Identify A in the given chemical reaction.

The reaction undergoes an intramolecular aldol condensation.

The starting compound is a dialdehyde containing acidic $$\mathrm{\alpha}$$-hydrogens adjacent to both aldehyde groups.

In the presence of sodium hydroxide:

$$\mathrm{NaOH}$$

one $$\mathrm{\alpha}$$-hydrogen is removed to form a resonance-stabilised enolate ion.

$$\mathrm{R-CH_2-CHO + OH^- \longrightarrow R-CH^- -CHO + H_2O}$$

The enolate ion acts as a nucleophile.

Since another aldehyde group is present within the same molecule, intramolecular nucleophilic attack occurs on the second carbonyl carbon.

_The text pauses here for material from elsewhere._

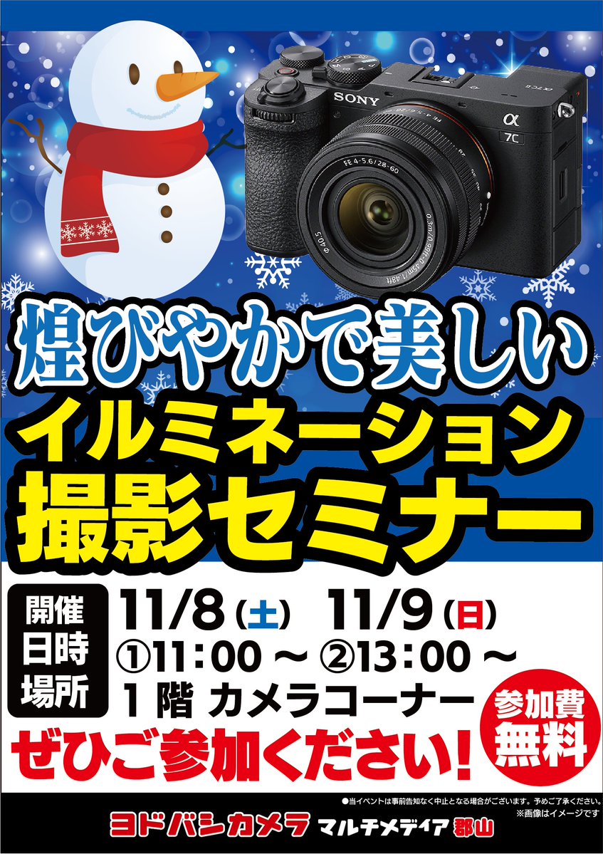 / ミラーレス一眼 イルミネーション撮影セミナー開催 \ 当店カメラ販売員が イルミネーションの撮影方法を紹介します✨ 参加費は無料❗️ この機会にぜひご参加ください🎵 🗓11/8(土)11/9(日) 🕙①11:00~ ②13:00~ 📍1階 カメラコーナー 🏬

$$\mathrm{Enolate + CHO \longrightarrow Cyclic\ \beta\text{-}Hydroxy\ Aldehyde}$$

Because the two side chains are ortho-substituted on the benzene ring, they remain close together, favouring cyclisation.

This forms a new seven-membered ring fused to the benzene ring.

On heating:

$$\mathrm{\Delta}$$

the cyclic $$\mathrm{\beta}$$-hydroxy aldehyde undergoes dehydration.

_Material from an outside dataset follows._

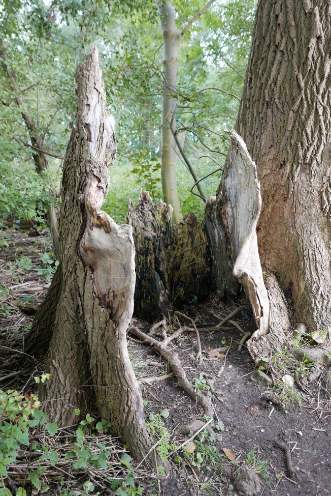 An die Water Houses gleich gegenüber kommt man leider gerade nicht so dicht heran, nicht nur wegen des Wassers drumherum. Andererseits entwickelt der dezent weiß-grün-blaue Gebäudekomplex hinter gelben und rot-weißen Absperrungen, die die Trasse für die Baufahrzeuge markieren, eine Ästhetik ganz eigener Art. Und wer das schöner findet, tritt einfach ein paar Schritte zur Seite und holt sich vielleicht einen roten Kran-Arm vor die Fassade. Nirgends wird man zurzeit so leicht selbst zum Requisiteur (und zum Statisten) wie auf dieser Bühne. An der Neuhöfer Straße gleich neben dem Energiebunker wird das Stück übrigens als Schattenspiel aufgeführt, jedenfalls wenn die Sonne scheint. Wohnungsbau hinter der Visionsplane…

$$\mathrm{\beta\text{-}Hydroxy\ Aldehyde \longrightarrow \alpha,\beta\text{-}Unsaturated\ Aldehyde + H_2O}$$

Dehydration of this product gives us the required answer.

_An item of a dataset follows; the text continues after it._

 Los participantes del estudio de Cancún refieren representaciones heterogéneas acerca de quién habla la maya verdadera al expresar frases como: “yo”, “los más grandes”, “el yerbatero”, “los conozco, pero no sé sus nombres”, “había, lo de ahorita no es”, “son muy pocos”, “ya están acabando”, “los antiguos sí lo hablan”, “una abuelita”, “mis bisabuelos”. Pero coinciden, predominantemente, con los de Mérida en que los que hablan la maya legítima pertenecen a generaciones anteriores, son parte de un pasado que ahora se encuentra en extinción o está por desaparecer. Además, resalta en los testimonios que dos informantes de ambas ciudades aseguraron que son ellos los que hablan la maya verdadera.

The final product contains:

1. A fused seven-membered ring

2. An $$\mathrm{\alpha,\beta}$$-unsaturated double bond

3. Conjugation with the remaining aldehyde group

Therefore, the major product $$\mathrm{A}$$ is the conjugated cyclic $$\mathrm{\alpha,\beta}$$-unsaturated aldehyde.